Defendant's assignment No. VI is also directed at instruction No. 14. Defendant complains the instruction was erroneous in that it drew the issue as to whether defendant's conduct was necessary to protect his person, or whether defendant was acting in a spirit of ill will or retaliation. This assignment is directed at the following portion of instruction No. 14: "In determining whether the alleged conduct of the defendant was committed in necessary defense of his person and in determining whether the amount of force or violence used was reasonable and apparently necessary for said purpose, you should consider all the acts and conduct of the defendant and Dale Theodore McCamley at the time in question; the means, nature and extent of any force or violence, or threats of force or violence used or made by Dale Theodore McCamley toward the defendant, and all the facts and circumstances surrounding the occurrence, as shown by the evidence, bearing upon the question whether the conduct of the defendant was reasonably and apparently necessary, in good faith, to defend his person or whether the defendant was acting in a spirit of ill will or retaliation." The instruction is not erroneous and was proper herein. It apparently is an adaptation of an instruction from Standardized Instructions to Juries, 33 Nebraska Law Review, No. 25D, p. 137, adopted by the Association of District Judges of Nebraska.

Defendant's assignment No.
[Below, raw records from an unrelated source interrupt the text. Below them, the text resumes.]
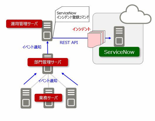 図2.9 運用管理サーバからServiceNowにインシデント登録を行う場合
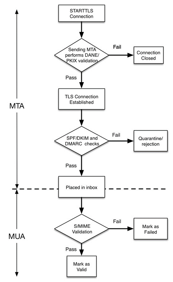 “ordinary” email where the email exchanges between two organizations’ email servers communicate over Transport Layer Security (TLS) [3] with a STARTTLS [4] extension, and relevant TLSA [5] records are published in the receiver’s DNS zone protected by DNSSEC (Scenario 1 in this document)
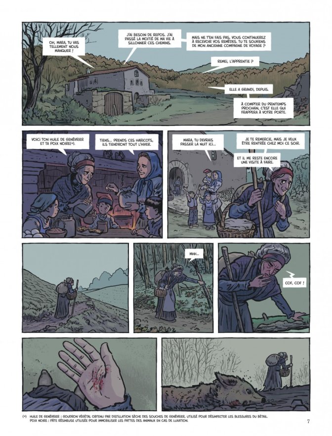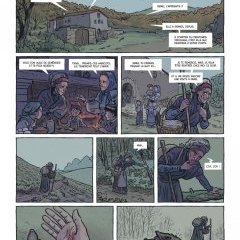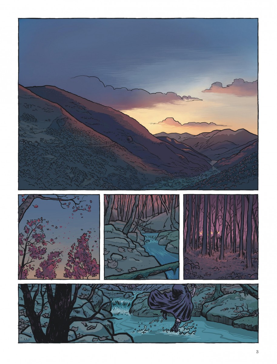 Pour évoquer ces Pyrénées entre paysage sublime et nature hostile, le dessin a plutôt tranché en faveur de ce second aspect. Les pages font la part belle aux rochers escarpés et grisâtres, avec des arbres noueux et trop humides pour un bon feu, avec des bories de bergers, des masures rustiques et des sentiers boueux, autant d’éléments qui donnent une ambiance terne comme si, à l’image du titre, un sombre manteau avait recouvert des montagnes qui n’ont pas ici le vert fabuleux et le ciel bleu d’un roman de George Sand. Non, il s’agit ici bien de vivre entre ces flancs rocheux, inhospitaliers pour celle ou celui qui les connait, mais les a seulement un peu amadoué, et les gens qui se frottent à cet environnement tendent à devenir comme lui : à la vision de cette belle dame venue de la ville, les autres jeunes femmes se plaignent et le montrent d’ailleurs, elles ont les mains calleuses, les cheveux rêches, les vêtements sans lustre. Pourtant, la robe qu’elle portait n’était que d’un noir de funérailles.
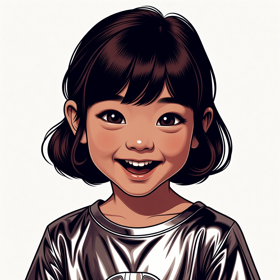 A digital illustration of a young Asian girl with shoulder-length dark brown hair and bangs smiles happily at the viewer. She has large expressive eyes and wears a shiny metallic silver shirt. The portrait is set against a plain white background.
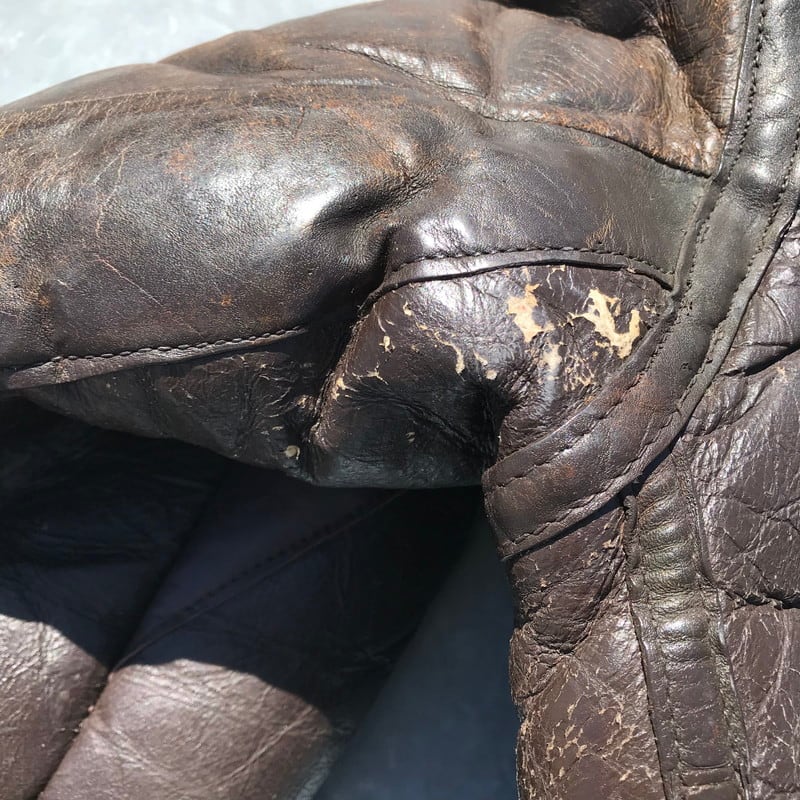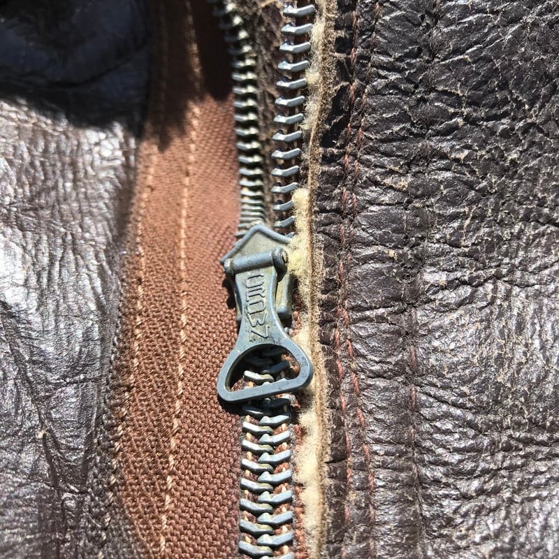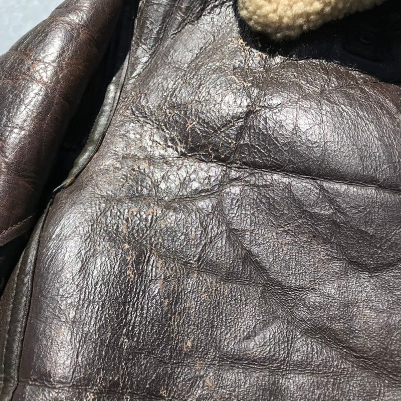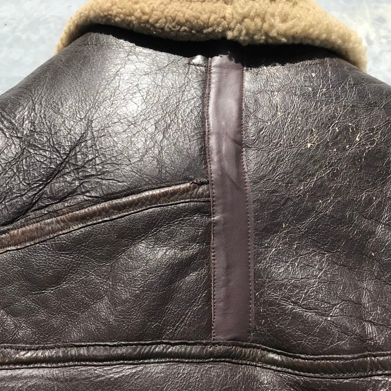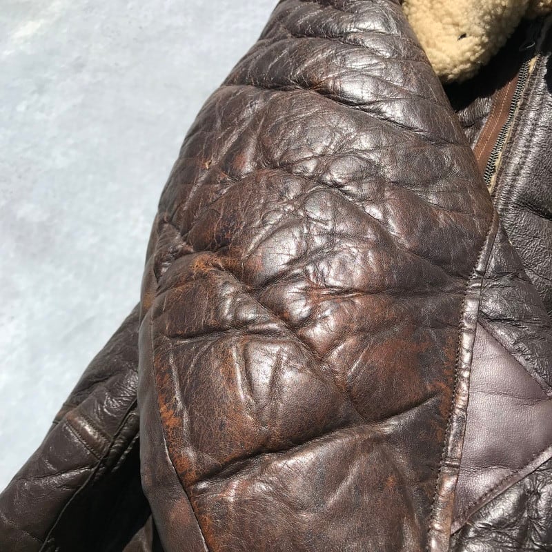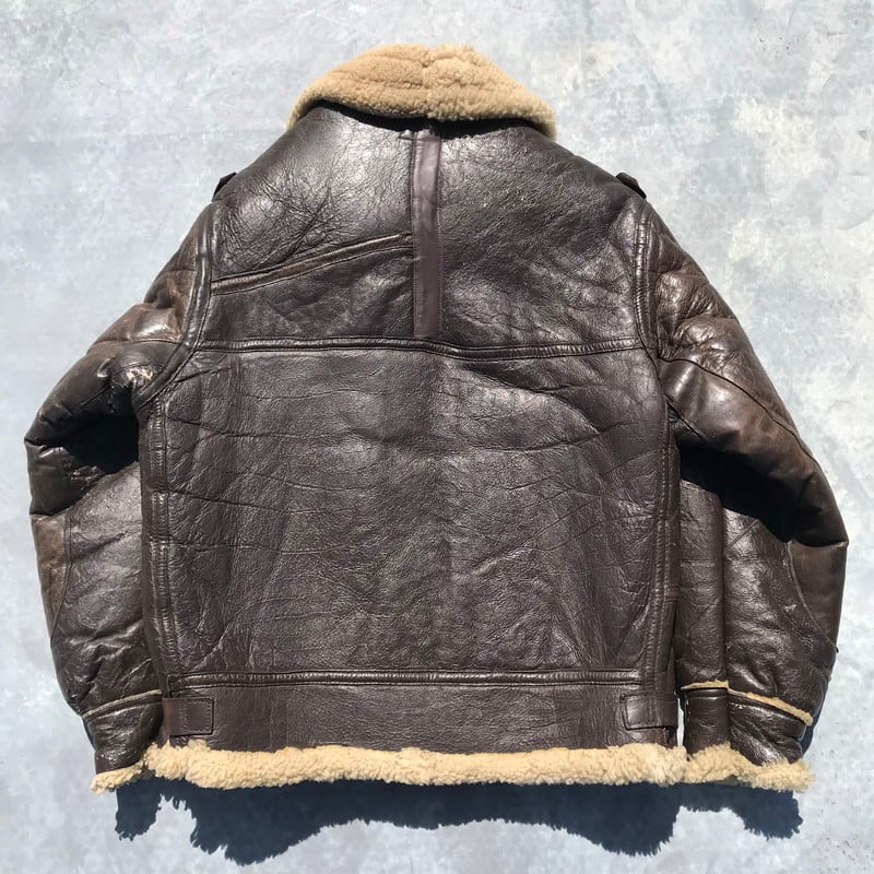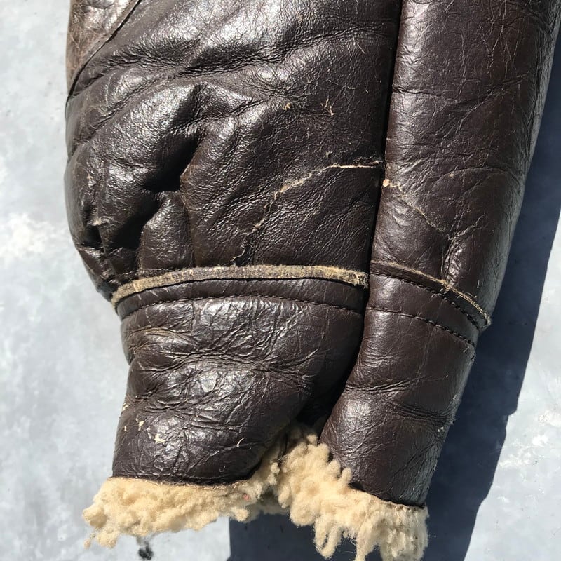 40年代頃のB-3ムートンジャケットです。U,S,AIRFORCEの前身であるU.S.ARMY.AIR FORCE時代の希少なタグが付きます。40年代初期のコントラクターであったH.L.B.CORP社製で、パッチワークのようなレザーの配置が目を惹く1着です。ところどころレザーの細かな剥がれやリペアはあるもののレザーに硬化は無くムートンの抜けも無いGOODコンディションです(ムートンに一部焦げのような箇所有)。ジッパーは50年代頃のCROWN社製のスプリングジッパーに交換されていますので、開閉はスムーズです。サイズは38と申し分無いゴールデンサイズ。70年以上前のヴィンテージと考えてもその希少性は非常に高く、今後このような着用できるコンディションのB-3はなかなか出会わないと思われます。ミリタリーコレクター必見のスペシャルピースです。
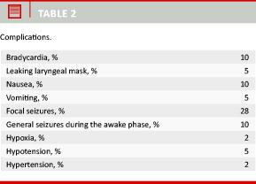 The frequency of acute conversions from the awake phase to GA has been found to range from 0% to 6%. The most common cause of conversion was generalised seizures, but also tight brain, vomiting, agitation and prolonged apnoea have been shown to make GA necessary. There was a tendency towards more conversions to GA in the MAC studies, and towards fewer conversions as the experience of the anaesthetic team improved [3, 8-11, 15].
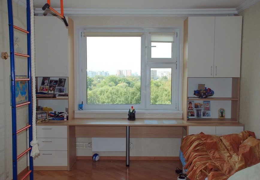 Бывает, что размеры детской комнаты не позволяют разместить большой и удобный стол рядом с окном. Тогда некоторые родители трансформируют под рабочий стол широкую столешницу-подоконник. Но лично я не сторонник такого решения. Свет, падающий на письменный стол прямо из окна, слишком яркий и будет ослеплять ребенка, особенно в ясные и солнечные дни. Возможно, на выручку смогут прийти полупрозрачные варианты ролштор, частично блокирующие свет, но все равно, такое расположение, не самое лучшее.
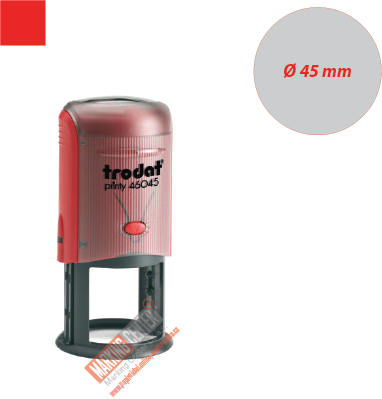 Razítko Trodat Printy 4645* Plastové samobarvicí razítko Trodat Printy 4645, maximální rozměr otisku je kruh ∅ 45 mm. barva strojku: červená barva otisku: černá, modrá, červená, zelená, fialová náhradní polštářek: 6/4645 Jak objednat razítko ? Po výběru barvy strojku a otisku pokračujte vložením d... celý popis
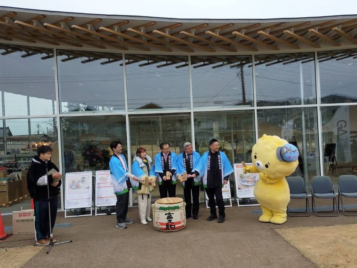鏡開きの中央は、坂井市池田市長、左は、坂井エキサイト大使の高橋愛さん、右端は、坂井市公式キャラの「ほや丸」
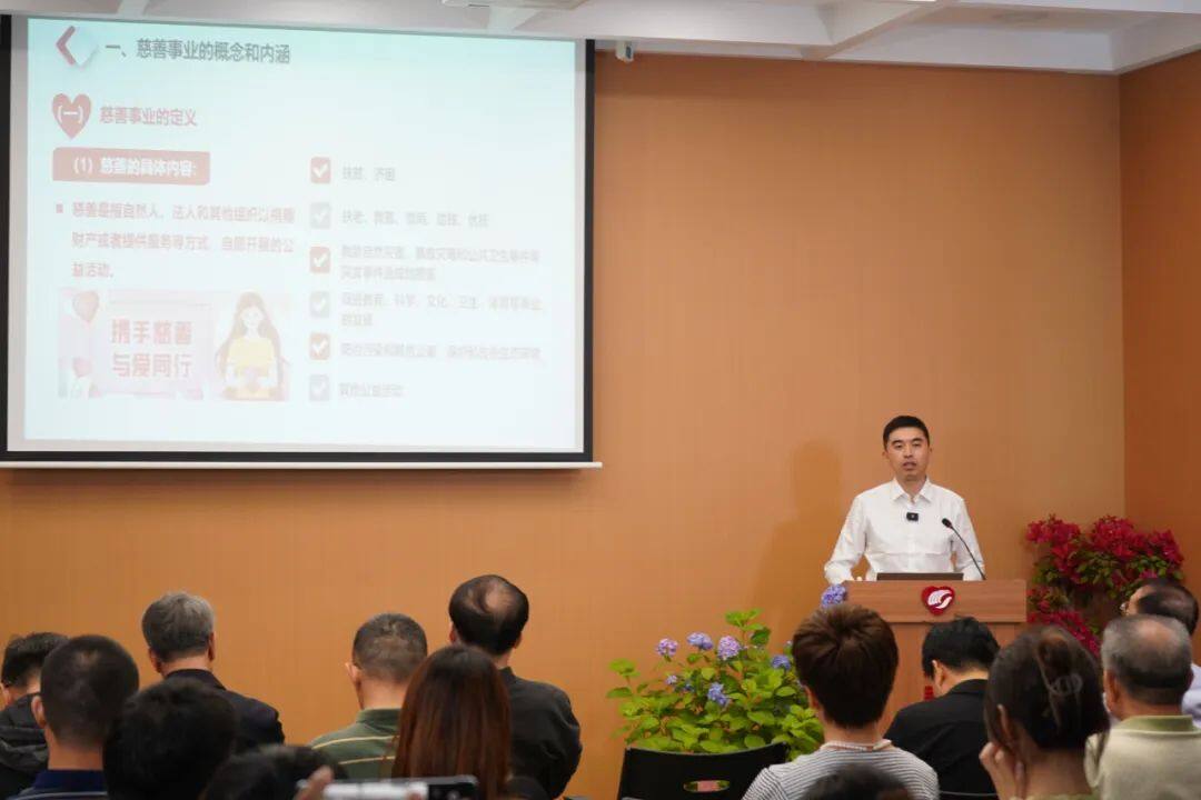 揭牌仪式结束后,华东政法大学社会发展学院党委书记童潇教授以《中国公益慈善事业发展的进展与展望》为题作了精彩的讲座。童潇教授从慈善事业的概念和内涵、慈善事业的进展、成就和经验、中国慈善事业的发展瓶颈与展望等角度,系统阐述了我国慈善事业发展的进程和新时代慈善工作的新定位、新使命、新作用、新要求。既有理论高度,又有实际案例,深入浅出,具有很强的针对性、前瞻性和指导性。讲座通过“无锡善捐”视频号全程直播。
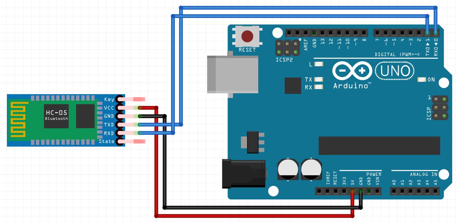 - HC-05的发射端TXD连接Arduino的接收端RXD
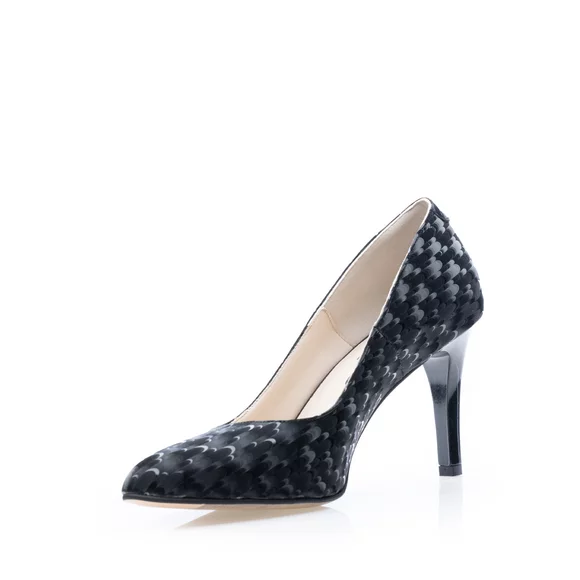- Pantofi eleganți dama din piele naturală velur cu imprimeu 3D cu vârful ascuțit. Pantofii au un toc stabil de 8.5 cm, talonetul în partea din față este cu Memory foam fiind foarte comozi. Sunt ușor de asortat unei ținute elegante,office sau casual.

VII complains that instruction No. 14 was too narrow in scope in that it was limited to fear of death or great bodily injury from *605 the deceased, and did not include the two companions of the deceased. The companions of the deceased were not at any stage involved with the defendant. It is true that they were following some distance behind the deceased when he was shot, but they had not been participating during the previous encounter. If defendant wished a more specific instruction, he should have tendered one. "If the court has instructed the jury generally on the law of the case and has not withdrawn any essential issue from consideration of the jury error cannot be predicated on failure to charge on some particular phase of the case, unless proper instruction has been requested by the party complaining." Cox v. State, 159 Neb. 811, 68 N.W.2d 497, 66 A.L.R.2d 293.

We find all of the defendant's contentions to be without merit, and therefore affirm the judgment of the trial court.